Availability over consistency
A feed is the front door of the product. It must answer even when a dependency is degraded, so the system favors availability over consistency: it returns a slightly stale or chronologically-ordered feed rather than an error. Posts become visible within seconds, not instantly, and two devices may briefly show different feeds. That is an acceptable trade for never showing an empty screen.
Key idea. Push and pull trade write cost for read cost; the celebrity tail breaks both pure strategies.
1. Requirements
Before reading on. List the functional and non-functional requirements, then name the one property you would never compromise and the one constraint that drives the design. They are different here.
1.1 Functional requirements
The actions in the problem statement are the requirements. A producer posts, a consumer reads a feed, users follow and unfollow, and the system records engagement that ranking later consumes.
- Post text plus optional media references; the post becomes retrievable and eligible for followers' feeds.
- Read a ranked, paginated home timeline of recent posts from followed accounts.

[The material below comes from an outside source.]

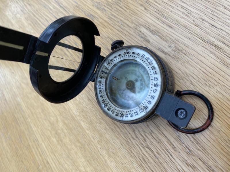 A complete and working Mk.III Marching compass dated 1940. Original black paint virtually complete. Mechanism all working and glass etc relatively clear. Compass bezel/needle free and swings easily. Top glass has the twin protector bars.

- Follow / unfollow an account, which changes what appears in the follower's feed.
- Record engagement — likes, reshares, views — as signals the ranker uses as features. Recording the event is in scope; the high-throughput engagement store that counts those events is a separate problem, treated here as an existing service the ranker reads.
Profile timelines, notifications, search, ads, comment threading, and stories are named and deferred.
1.2 Non-functional requirements
The qualities the problem demands set the rest. "Feels instant" sets latency. "Near-real-time" sets freshness. "Front door" sets availability. The scale numbers set the load the design must absorb.
- Low read latency — first content paint within roughly 200ms at p99, server-side (illustrative). This shapes materialization and the read path.
- Freshness — a new post is visible to most readers within a few seconds; the celebrity tail may lag longer.
- High availability — the feed degrades to cached or chronological order rather than failing.
- Scale anchor — roughly 300M daily active users, about 200 follows per user, and around 0.5 posts per active producer per day (illustrative).
- Consistency — eventual, within seconds; under a network partition the feed stays available.
1.3 The constraint versus the property
Two distinct things deserve a sentence each. Availability is the non-negotiable property: the feed is the front door, so it must always answer. Read latency is the constraint that drives the design: it forces materialization, push for normal users, and the hybrid that follows. And the load multiplier behind both is fan-out amplification — one post becomes as many timeline writes as the author has followers.
Key idea. Availability is the property you protect; read latency is the constraint you design around; fan-out amplification is the load you must bound.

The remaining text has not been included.